Тан Цзиньян поднял на него глаза. Мальчик смотрел на него круглыми, как бусинки, глазами, серьёзно и внимательно, вылитый послушный малыш, но при этом такой простодушный. Тан Цзиньяну стало смешно.
Он подумал, была ли она в детстве такой же, как Няньнянь? Таким же любопытным малышом, плаксой, любившей покапризничать?
Но она была сильнее Няньняня. Когда упрямилась, её и десяток быков не сдвинули бы с места. Её мнение обычный человек изменить не мог.
— Ты скучаешь по маме? — Тан Цзиньян подхватил его, усадил на колени и тихо спросил.
— Скучаю! — громко ответил Няньнянь. Он снова взял руку отца и стал теребить её своей маленькой ручкой. С самого возвращения он очень-очень хотел найти маму.
Его мама тоже наверняка очень по нему скучала. Он видел, как мамы многих детей называли их «малышами». Те дети говорили, что его мама его точно не любит, раз не забирает из садика и не называет «малышом». Но папа сказал, что они врут, что его мама точно любит его больше всех и, увидев его, обязательно назовёт «малышом».

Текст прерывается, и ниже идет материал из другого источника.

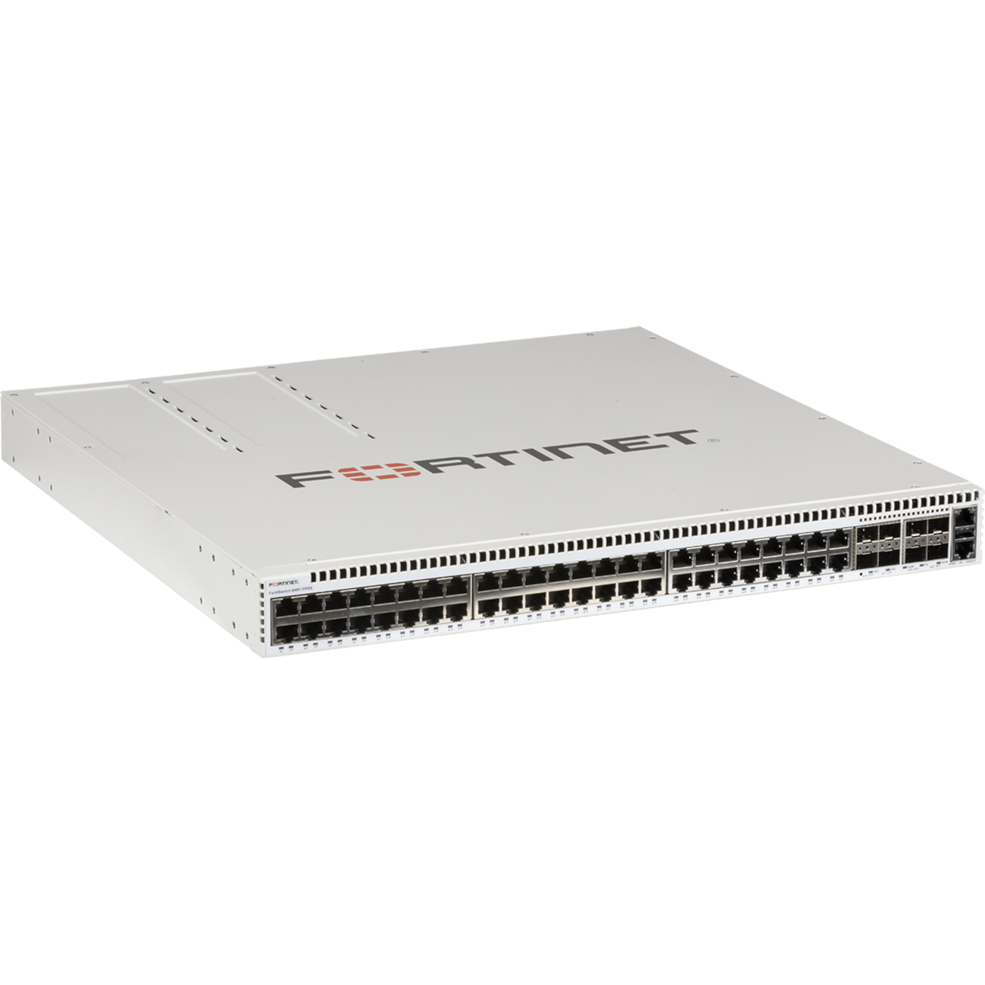 FortiSwitch-648F-FPOE Layer 2/3 FortiGate switch controller compatible PoE 802.3bt switch with 32x 2.5G RJ45 + 16x 5G RJ45 ports, 8x 25G SFP28 and MACSec. Max 1800W POE output limit [FS-648F-FPOE]

Тан Цзиньян стянул с его головы шапочку с медвежьими ушками. Такой же маленький глупыш, как и его мама. Хотя кондиционер в комнате работал на низкой температуре, но не до такой же степени, чтобы ради милоты и притворства выглядеть так глупо.
— А ты хочешь быть вместе с мамой?
Няньнянь подпрыгнул почти неконтролируемо, наступив одной ногой на колено Тан Цзиньяна.
— Хочу, папа! Няньнянь хочет быть вместе с мамой!
— Ох! Моя нога! Тан Няньнянь! Что, теперь мама есть, папа не нужен?
Няньнянь медленно посмотрел на него. Почему папа как будто сейчас заплачет? Потом он почувствовал что-то твёрдое под ногой и увидел, что стоит на ноге отца. Ему стало жаль папу, и он прижался к нему:
— Папа, фу-фу, — он подул на ушибленное место.
Тан Цзиньян, притворяясь сердитым, легонько потянул его за ушко. Глядя на его глупое личико, он не мог по-настоящему злиться.
— Тан Няньнянь, хорошо, что у меня кости крепкие и я выдержал твой пинок, иначе остался бы ты без отца. Если ты будешь так прыгать и скакать рядом с мамой, я тебе покажу!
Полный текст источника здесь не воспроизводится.